Thorne knew she was right, but couldn’t shake the unease. It was like a draught he kept walking through. ‘It feels like it’s mine, though… It is mine.’ He hunched his shoulders, the chill at them again, bracing himself as Louise leaned in against him. ‘It was sent to me.’

Hendricks nodded slowly. His eyes flicked momentarily to Louise, then dropped to his watch. He stepped across to the window, pulled back the curtain and peered out on to the street.

‘The cab firm said to give it ten minutes,’ Thorne said.

They all moved into the hall and stood a little awkwardly around the front door. Though Thorne had spent the better part of twenty-four hours trying to avoid it, he suddenly felt the question hanging there between them; could feel the weight and the heat of it. Certain as nausea.

Hendricks was as good a person as anyone else to voice it.

‘Why you?’ he asked.

After Hendricks had gone, Thorne and Louise didn’t take too long to get into bed, but nothing that came afterwards was any more than half-hearted. Tiredness, beer or something else altogether had dampened the desire, and warmth or simple proximity had been enough for both of them.

‘I don’t think you’re a miserable git,’ Louise said, just before she turned over.

Later, Thorne lay awake in the dark, fighting hard to silence the shrill, insistent, ‘Why?’ Until, in the end, it became like a car alarm to which you grew accustomed. It was not exactly a comfort, but he knew there was every chance that the answer would present itself before he’d had to spend too long worrying about the question.

With Louise snoring quietly next to him, he thought about something he’d said earlier. When Kitson had asked him why he hadn’t just handed over the SIM and kept his handset.

He’d said it casually then, without thinking.

Well, I’ll know next time .’

He’d done a lot of walking at night. During the last few months, anyway.

It was partly because he could , obviously; because the novelty had still not worn off. The flat wasn’t small, not by a long stretch, but anywhere started to close in after a week or two; and it felt nice to get out. He didn’t care a whole lot about the rain or the wind. It was just weather, and all of it was good.

Tonight it was cold and dry as he walked quickly along the main road, past the shuttered-up shops and the all-night garages. He turned into a side street, letting his hand rest against the spanner in his coat pocket as he moved towards a group of teenagers on the corner.

He’d walked just to kill time at first; to get through the endless hours without sleep. He was still managing no more than a couple of hours each night, three at the most, in fifteen- or twenty-minute bursts. He didn’t think he’d managed more than that since that morning they’d been in to see him.

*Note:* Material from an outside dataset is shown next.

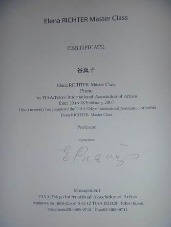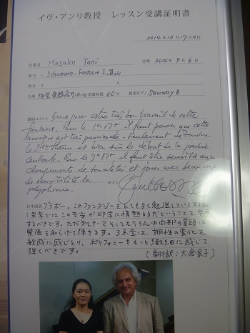 動画はこちら 2014年9月6日 イブ・アンリ氏マスタークラス受講証明書 |

The second time his life had been turned upside down.

Funny how both times everything had changed, had turned to shit, he’d been sitting there with people who were waving warrant cards at him…

Over the weeks he’d covered most of west London. He’d spent long nights walking up to Shepherd’s Bush and then along the Uxbridge Road through Acton and Ealing. He’d gone south, around Gunnersbury Park, then turned towards Chiswick, watching the cars rush both ways above him along the M4. He’d walked back towards Hammersmith, zigzagging through the smaller streets and coming out just shy of the bridge, where the river bowed, a mile or two from where the flat lay in the shadow of the flyover; a hospital on one side of it, a cemetery on the other.

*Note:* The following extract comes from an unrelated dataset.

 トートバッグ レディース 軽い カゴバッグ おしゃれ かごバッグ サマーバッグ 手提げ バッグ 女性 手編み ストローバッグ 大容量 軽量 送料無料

The teenagers at the end of the street paid him no real attention. Maybe there was a look about him.

There certainly had been at one time.

He’d got used to it now, doing this instead of sleeping. He enjoyed it. The walking helped him think things through, and though there were plenty of times in the day when he felt completely wiped out, it was like his body was adjusting; compensating, or whatever the word was. He remembered reading somewhere that Napoleon and Churchill and Margaret Thatcher had all made do with a couple of hours’ kip each night. It was obviously all about how you approached things when you were awake. Maybe you could get away with it, as long as you had a purpose.